Opinion: Bold social reforms may not shore up Latin America’s beleaguered democracies
Threats to democracy in Latin America are nothing new. The emergence of authoritarian populism in the region has eroded democratic norms and institutions, and illiberal politicians seeking to bolster their power have only hastened their decline.
But more worrisome is the spread of such behavior to at-risk democracies. Even in countries with strong institutions, recently elected left-of-center governments have struggled to execute their agendas. All signs point to an alarming rise in antidemocratic sentiment, and an examination of recent political developments (excluding the exceedingly complex case of Mexico) suggests that challenges to democratic governance will likely intensify.
Not surprisingly, Latin America’s dictators have embraced increasingly repressive tactics.
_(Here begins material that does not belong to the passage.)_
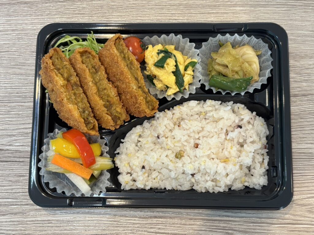 これまでのメニューメニュー 12月4日のランチメニュー これまでのメニュー 2025.12.04 キーマカレーフライ 野菜のピクルス キャベツとピーマンのみそ炒め ニラ玉 油あげとネギのおみそ汁 ごはん(雑穀米) みかん テイクアウトの場合は下画像のようになります ぜひお越しください

Ahead of next year’s elections, Venezuelan President Nicolás Maduro has effectively reshuffled the country’s electoral council: After the mass resignation of officials linked to the ruling party, a committee featuring Maduro’s wife, Cilia Flores, will select the council’s new members. His government also disqualified opposition leader María Corina Machado from running for president.
In Nicaragua, President Daniel Ortega has disregarded a resolution from the Organization of American States urging the country to cease human-rights violations, release political prisoners, and respect religious freedoms (his regime has carried out a years-long crackdown on the Catholic Church). While this continued slide into autocracy is not new, it has heralded the weakening of democracy across the region.
In “flawed” democratic regimes, such as Guatemala, Honduras, and El Salvador, things have taken a turn for the worse. Several opposition candidates were banned ahead of Guatemala’s presidential election in June, and a court later postponed the official publication of the first-round results. Honduran President Xiomara Castro has adopted neighboring El Salvador’s hard-line antigang tactics, including the mass detention of alleged gang members and the suspension of some constitutional rights. Most troubling is President Nayib Bukele’s decision to run for reelection in El Salvador, in clear violation of the country’s constitution.
Likewise, Peru’s political dysfunction drags on. After a bungled coup attempt last year, former President Pedro Castillo was jailed, along with other former Peruvian presidents, and is awaiting trial. Dina Boluarte, Castillo’s vice president, was sworn into office and initially called for early elections, but recently announced that she will remain in power until 2026. The United Nations has condemned her government’s deadly repression of demonstrators early this year.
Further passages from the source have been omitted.